The mass of the Earth is 5.972kg, and the radius of Earth is 6, 371 km. A 750 kg satellite orbits 35, 800 km above Earth in a perfectly circular orbit.

1. If the gravitational force is the centripetal force keeping the satellite in a stable cicular orbit, how does the centripetal force compare to the gravitational force.
2. If the gravitational force is the centripetal force keeping the satellite in a stable circular orbit, what is the tangential velocity in (m.s) of the satellite's orbit.
3. How long (in hours) does this satellite take to orbit Earth?

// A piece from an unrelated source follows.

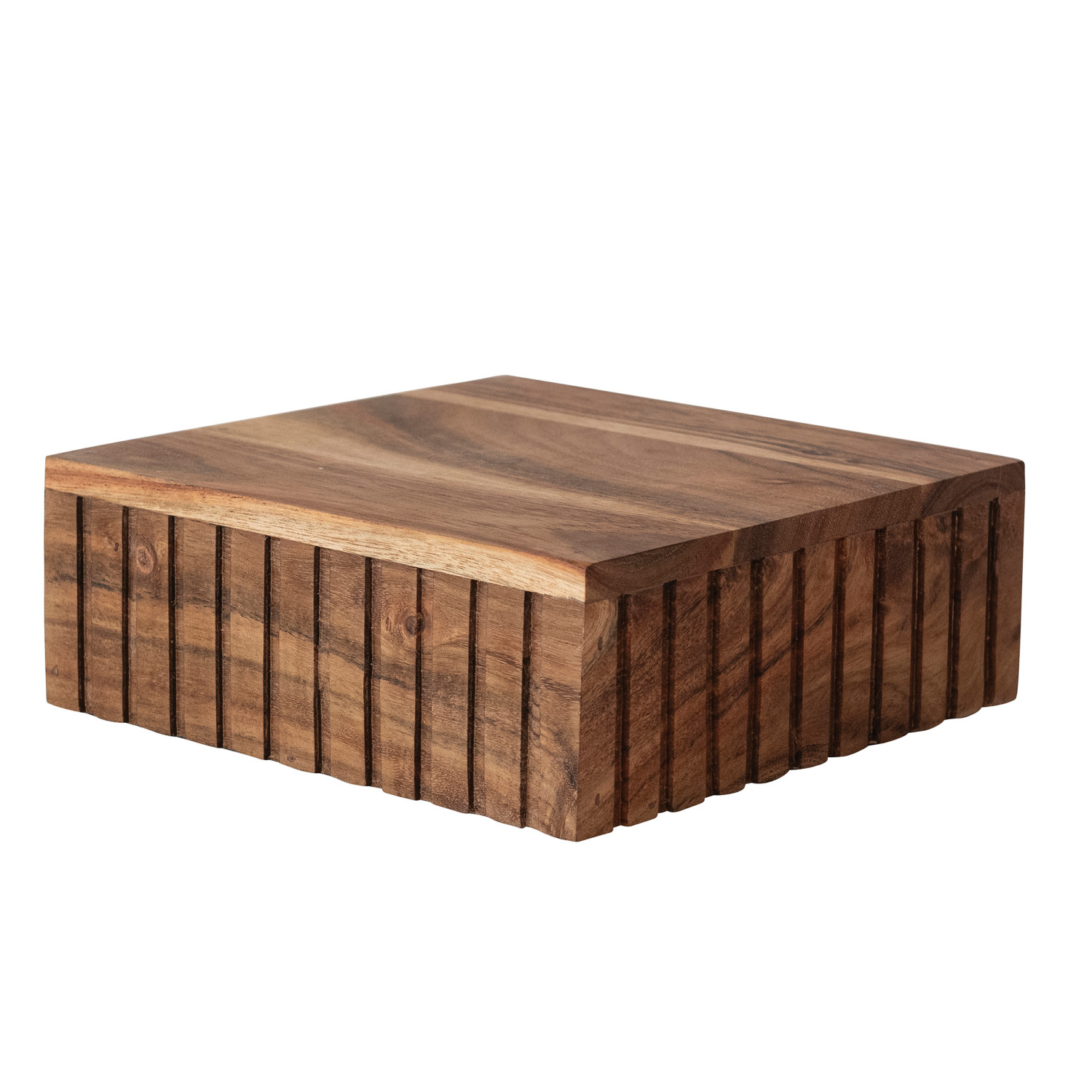 Catalog Name: 8" Square x 3"H Carved Mango Wood Platform Cheese/Serving Board, Natural

To answer these questions, we need to use some basic principles of physics and equations related to circular motion and gravity.

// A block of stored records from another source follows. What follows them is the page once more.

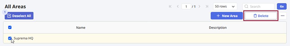 エリア一覧で削除するエリアのチェックボックスをクリックします。
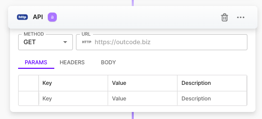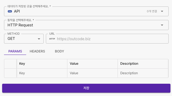 <table><thead><tr><th width="137" align="center">항목명</th><th width="292" align="center">항목소개</th><th align="center">비고</th></tr></thead><tbody><tr><td align="center">METHOD</td><td align="center">API 의 Http Method</td><td align="center">GET, POST, PUT, DELETE, PATCH<br>HEAD, OPTIONS </td></tr><tr><td align="center">URL</td><td align="center">호출하고자 하는 API 주소</td><td align="center">완전한 URL 주소 입력<br>예) https://api.outcode.biz/endpoint</td></tr><tr><td align="center">PARAMS</td><td align="center">URL 끝에 추가되는 키(Key)와 값(Value) 의 조합<br>예) key=value </td><td align="center">파라미터가 포함된 URL 주소를 붙여넣었다면 자동완성됨<br>예) https://api.outcode.biz/endpoint?name=outcode</td></tr><tr><td align="center">HEADERS</td><td align="center">인증, 데이터 요청 방식을 서버에 알리는 역할을 하는 키(Key)와 값(Value)의 쌍인 메타데이터</td><td align="center">API 에서 별도의 요청 헤더 항목이 있다면 필수 입력<br>예) Content-Type (Key) <br>application/json (Value) </td></tr><tr><td align="center">BODY</td><td align="center">서버로 전송되는 실제 데이터로 생성, 수정 목적의 API 호출시 사용</td><td align="center">예) { "name" : "outcode" } </td></tr></tbody></table>
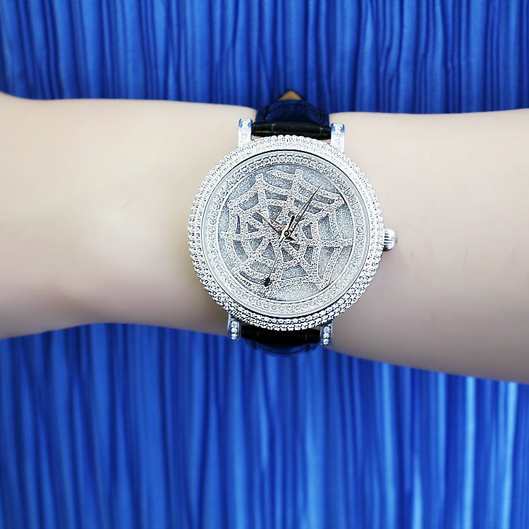 スパイダーウェブクリスタルガラス革ベルト腕時計/9210003
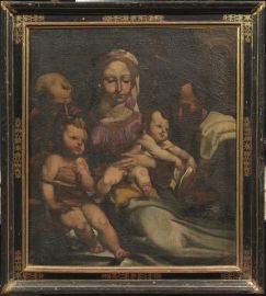 Il lotto qui proposto, proveniente dallo storico Palazzo Sansedoni di Siena, si compone di undici dipinti che per lo più si possono rintracciare citati nell'inventario dei beni del Cav. Ottavio Sansedoni redatto il 5 luglio 1773, a poco più di un mese dalla sua morte. Nella sua globalità la collezione Sansedoni (iniziatasi a formare fin dal XVI secolo) era composta da dipinti, sculture, bassorilievi, nonchè busti in marmo, tappezzerie, porcellane e disegni anche se a farla da padrona era la scuola pittorica senese cinque-seicentesca grazie a dipinti attribuiti a Baldassarre Peruzzi, Beccafumi, Francesco Rustici e Rutilio Manetti. (cfr: L. Bonelli, Palazzo Sansedoni, a cura di Fabio Gabbrielli, Siena 2004, pp. 479-480)

1. The gravitational force between two objects can be calculated using Newton's law of universal gravitation:

F = (G * m1 * m2) / r^2

where F is the gravitational force, G is the gravitational constant (6.67430 × 10^-11 N(m/kg)^2), m1 and m2 are the masses of the two objects, and r is the distance between their centers.

In this case, the satellite is in a stable circular orbit, so the gravitational force acting on it is equal to the centripetal force (F = F_c):

(G * M * m) / r^2 = (m * v^2) / r

In this equation, M is the mass of the Earth, m is the mass of the satellite, v is the tangential velocity of the satellite, and r is the orbital radius.

Rearranging the equation, we can solve for F_c/F:

F_c/F = (G * M * m) / (m * v^2) = (G * M) / v^2

Plugging in the values, we get:

F_c/F = (6.67430 × 10^-11 N(m/kg)^2 * 5.972 × 10^24 kg) / v^2

It is important to note that the centripetal force balances the gravitational force, meaning F_c/F = 1. Therefore, the centripetal force is equal to the gravitational force.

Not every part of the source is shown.